[Data segment]

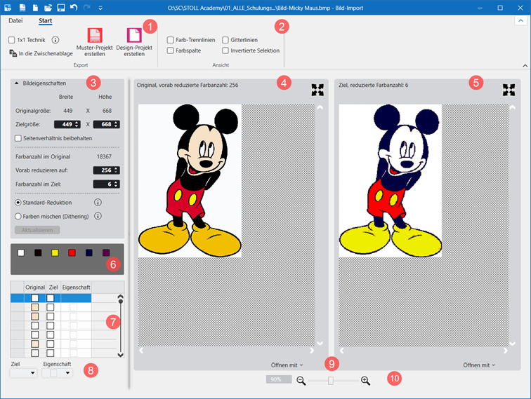 : Entspricht der Eingabe unter Farbanzahl im Ziel: .
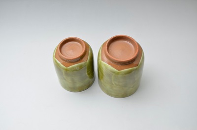 This is a pair of large and small ceramic Japanese tea cups.
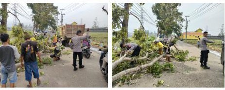 CILULUK, JABAR | Kapolsek Cikancung Polresta Bandung Polda Jabar yang diwakili oleh Piket Pawas Kanit Propam Polsek Cikancung Aiptu Yadi Junaedi serta Personil Polsek, petugas PU dan masyarakat evakuasi pohon yang tumbang di Jl. Rata Cijapati tepatnya Kp. Sindangsari Desa Ciluluk.
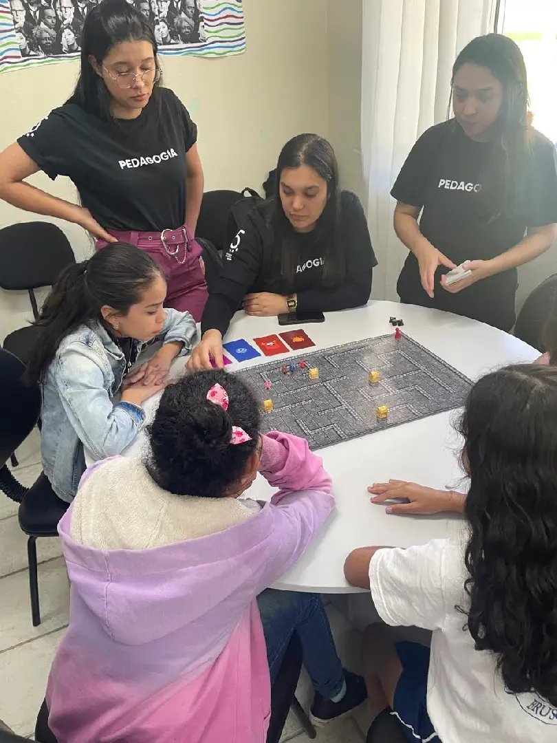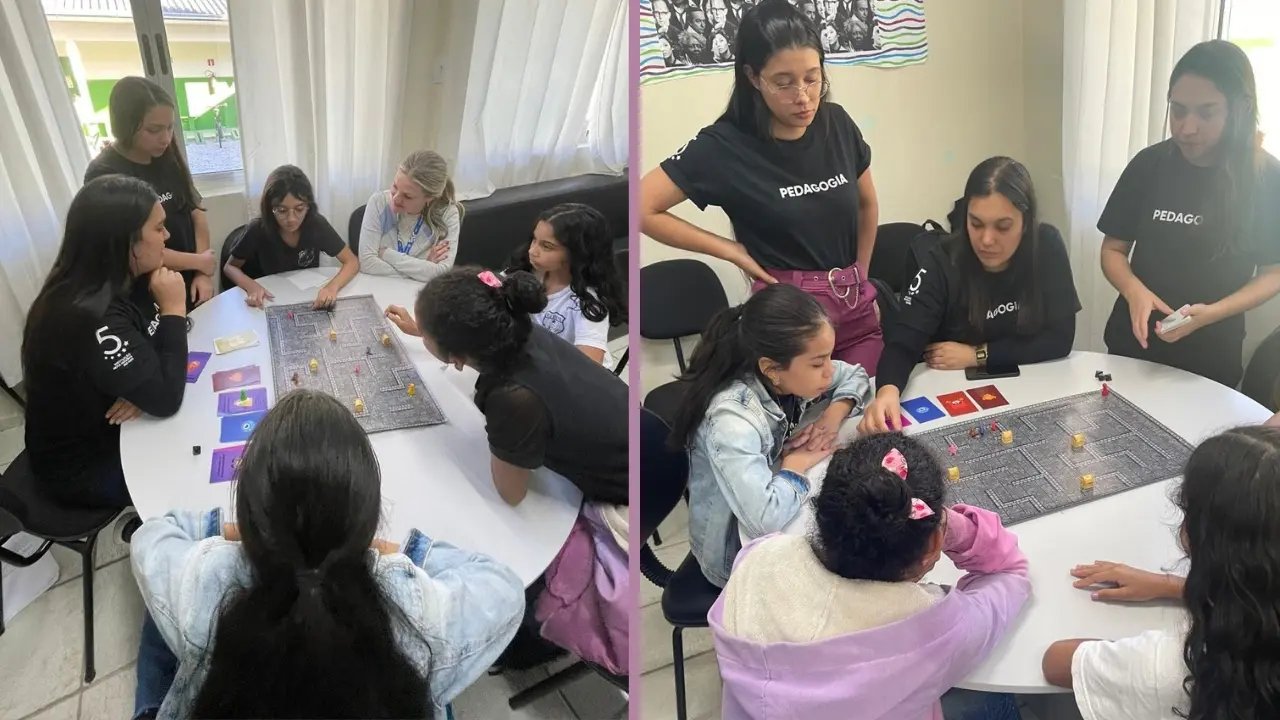 Tabuleiro, jogo da memória e labirinto foram alguns dos jogos educativos criados pelos acadêmicos de Pedagogia – Anos Iniciais da UNIFEBE para abordar com os alunos do 5º ano da Escola de Educação Básica Osvaldo Reis, os direitos fundamentais preconizados no Estatuto da Criança e do Adolescente – ECA. A atividade, resultado da Curricularização da Extensão, visou instigar os futuros pedagogos a, de forma lúdica, transformar os conteúdos de relevância social em algo atrativo e de fácil entendimento.

[/Data segment]

◆ Aim of the task
Skip the pictures. Return exactly the lines from the one containing "CILULUK, JABAR |" through the end of the data above, both included, and nothing besides.

◆ Written response
 CILULUK, JABAR | Kapolsek Cikancung Polresta Bandung Polda Jabar yang diwakili oleh Piket Pawas Kanit Propam Polsek Cikancung Aiptu Yadi Junaedi serta Personil Polsek, petugas PU dan masyarakat evakuasi pohon yang tumbang di Jl. Rata Cijapati tepatnya Kp. Sindangsari Desa Ciluluk.
 Tabuleiro, jogo da memória e labirinto foram alguns dos jogos educativos criados pelos acadêmicos de Pedagogia – Anos Iniciais da UNIFEBE para abordar com os alunos do 5º ano da Escola de Educação Básica Osvaldo Reis, os direitos fundamentais preconizados no Estatuto da Criança e do Adolescente – ECA. A atividade, resultado da Curricularização da Extensão, visou instigar os futuros pedagogos a, de forma lúdica, transformar os conteúdos de relevância social em algo atrativo e de fácil entendimento.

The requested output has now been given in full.